## Work request
This task calls for the lines below starting at the one containing "袋井 虹麟さんを姓名の画数から五運を鑑定" and ending at the one containing "CIEZA (MURCIA). 10", repeated exactly with both ends kept and pictures left out.

-- Source data follows --

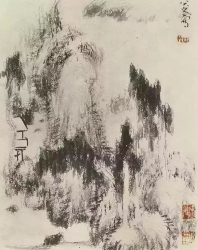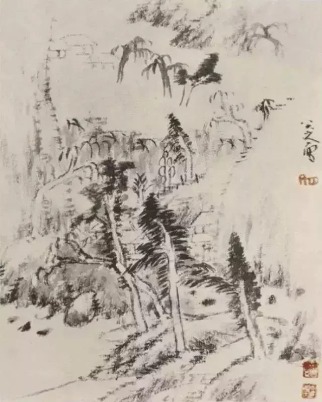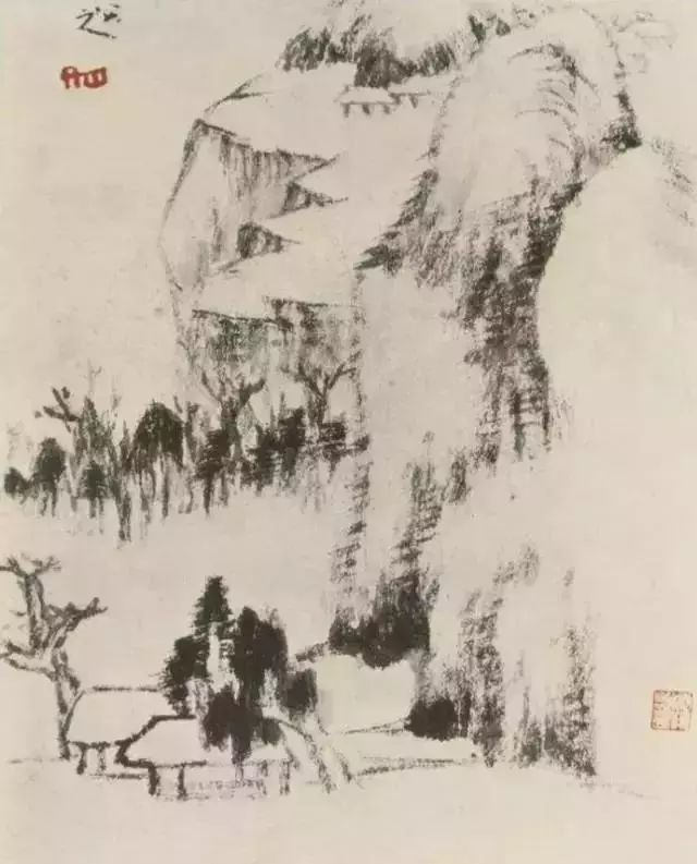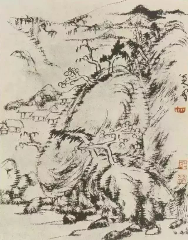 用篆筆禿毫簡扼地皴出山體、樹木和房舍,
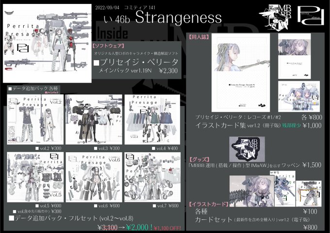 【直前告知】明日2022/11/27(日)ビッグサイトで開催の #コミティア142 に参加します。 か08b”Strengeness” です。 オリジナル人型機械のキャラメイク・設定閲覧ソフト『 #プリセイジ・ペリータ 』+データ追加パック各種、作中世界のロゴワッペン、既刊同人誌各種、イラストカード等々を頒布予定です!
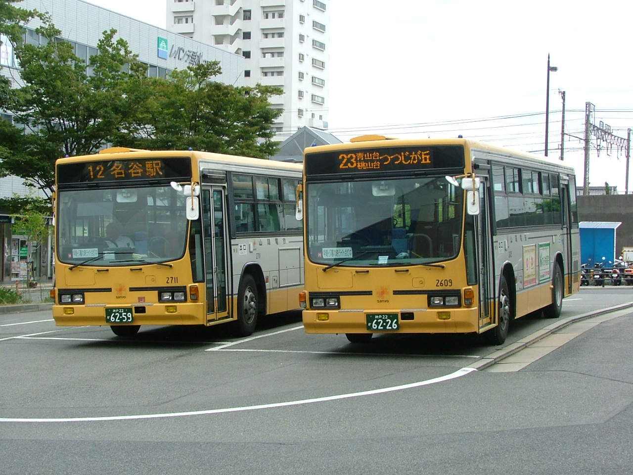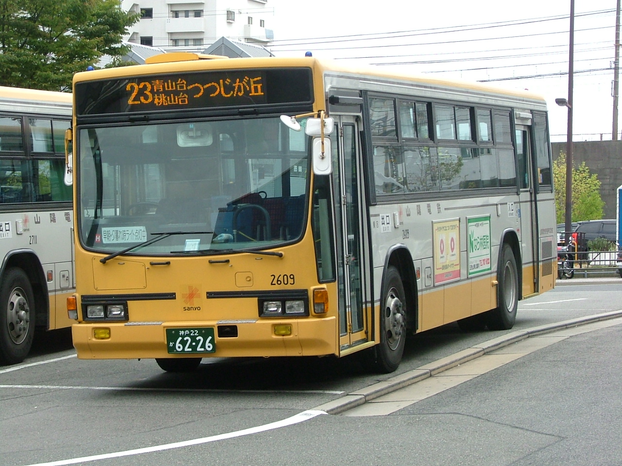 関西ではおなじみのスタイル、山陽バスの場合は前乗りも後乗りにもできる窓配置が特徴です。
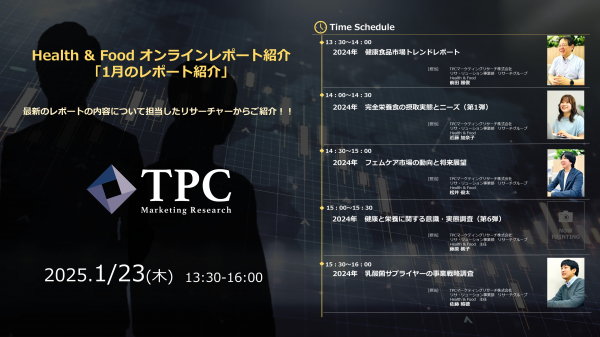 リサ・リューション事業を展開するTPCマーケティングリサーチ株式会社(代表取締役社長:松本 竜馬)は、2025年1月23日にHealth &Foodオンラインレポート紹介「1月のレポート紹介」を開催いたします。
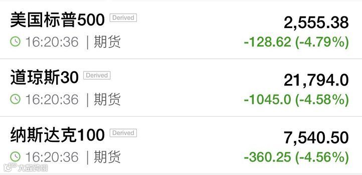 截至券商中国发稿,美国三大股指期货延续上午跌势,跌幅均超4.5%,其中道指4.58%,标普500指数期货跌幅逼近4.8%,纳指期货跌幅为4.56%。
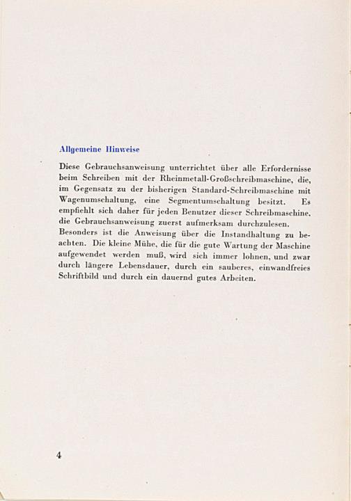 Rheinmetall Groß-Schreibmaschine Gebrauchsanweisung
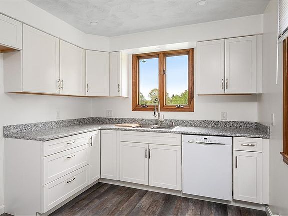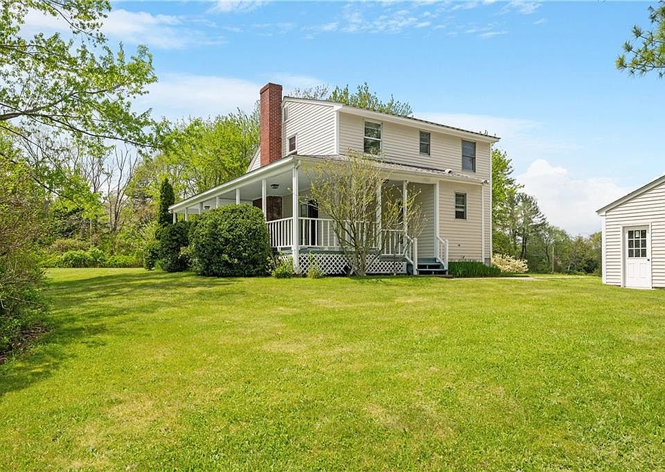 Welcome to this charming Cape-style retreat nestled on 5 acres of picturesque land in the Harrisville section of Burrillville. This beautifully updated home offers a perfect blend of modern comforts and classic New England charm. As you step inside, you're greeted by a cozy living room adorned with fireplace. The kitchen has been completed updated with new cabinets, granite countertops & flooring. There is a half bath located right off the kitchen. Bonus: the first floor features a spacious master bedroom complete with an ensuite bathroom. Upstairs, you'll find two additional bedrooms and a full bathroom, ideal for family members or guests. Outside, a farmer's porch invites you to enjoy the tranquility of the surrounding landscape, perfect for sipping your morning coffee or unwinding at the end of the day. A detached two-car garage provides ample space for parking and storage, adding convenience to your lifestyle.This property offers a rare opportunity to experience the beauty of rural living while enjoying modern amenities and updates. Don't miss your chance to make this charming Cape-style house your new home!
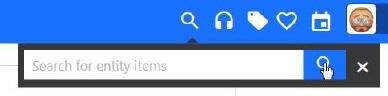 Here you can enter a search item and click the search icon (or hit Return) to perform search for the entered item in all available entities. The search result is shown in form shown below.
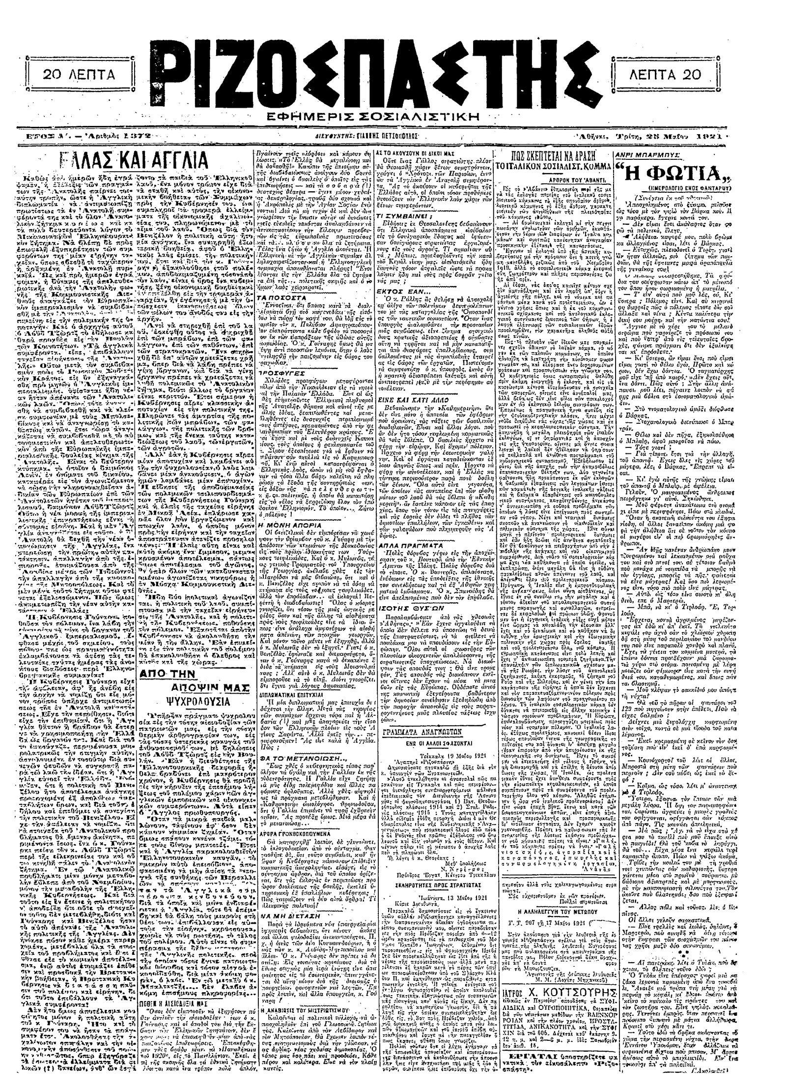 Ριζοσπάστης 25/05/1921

-- Source data concluded --
-- Source data follows --

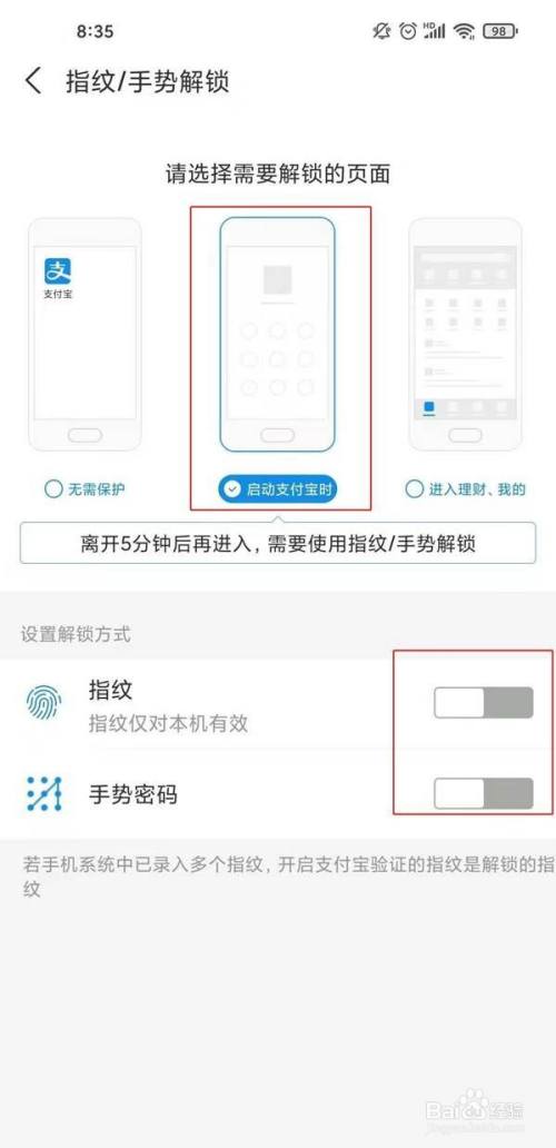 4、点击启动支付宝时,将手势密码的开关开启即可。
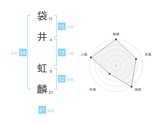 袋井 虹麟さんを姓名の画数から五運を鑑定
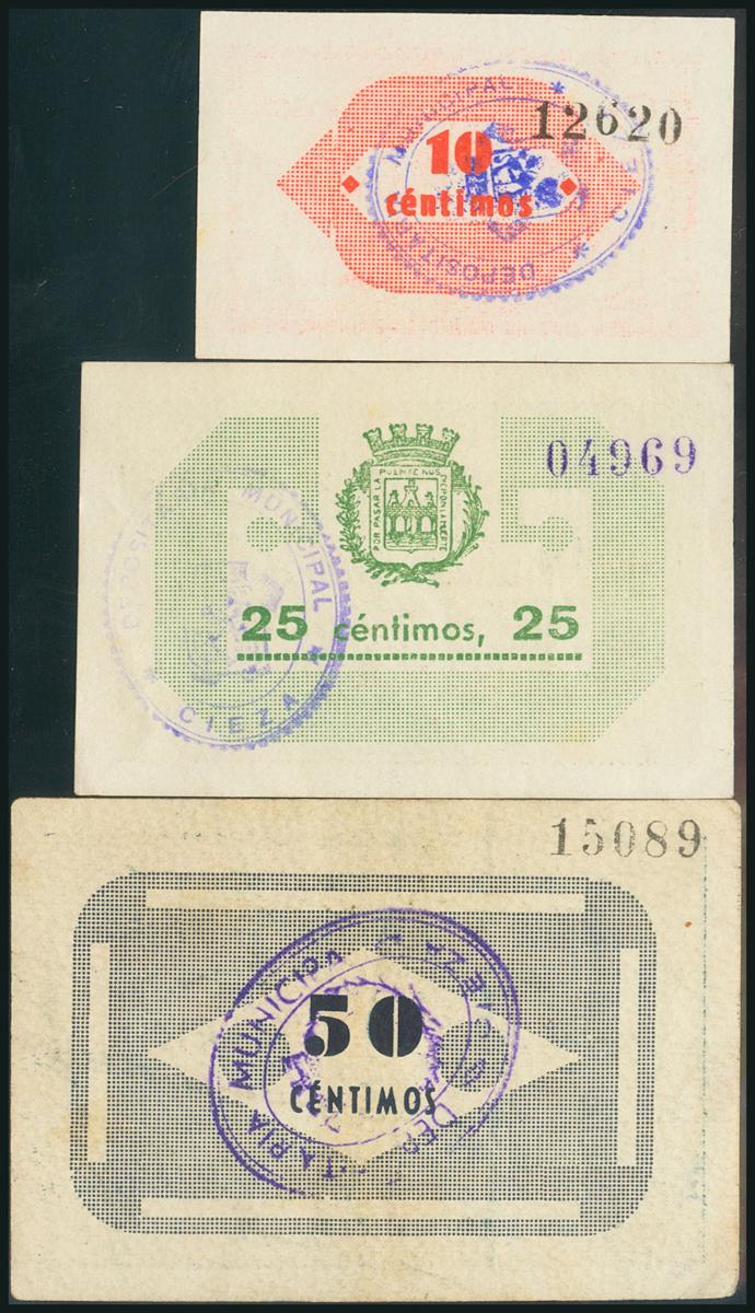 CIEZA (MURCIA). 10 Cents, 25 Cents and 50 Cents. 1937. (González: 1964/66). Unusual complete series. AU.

-- Source data concluded --

## Exercise output
 袋井 虹麟さんを姓名の画数から五運を鑑定
 CIEZA (MURCIA). 10 Cents, 25 Cents and 50 Cents. 1937. (González: 1964/66). Unusual complete series. AU.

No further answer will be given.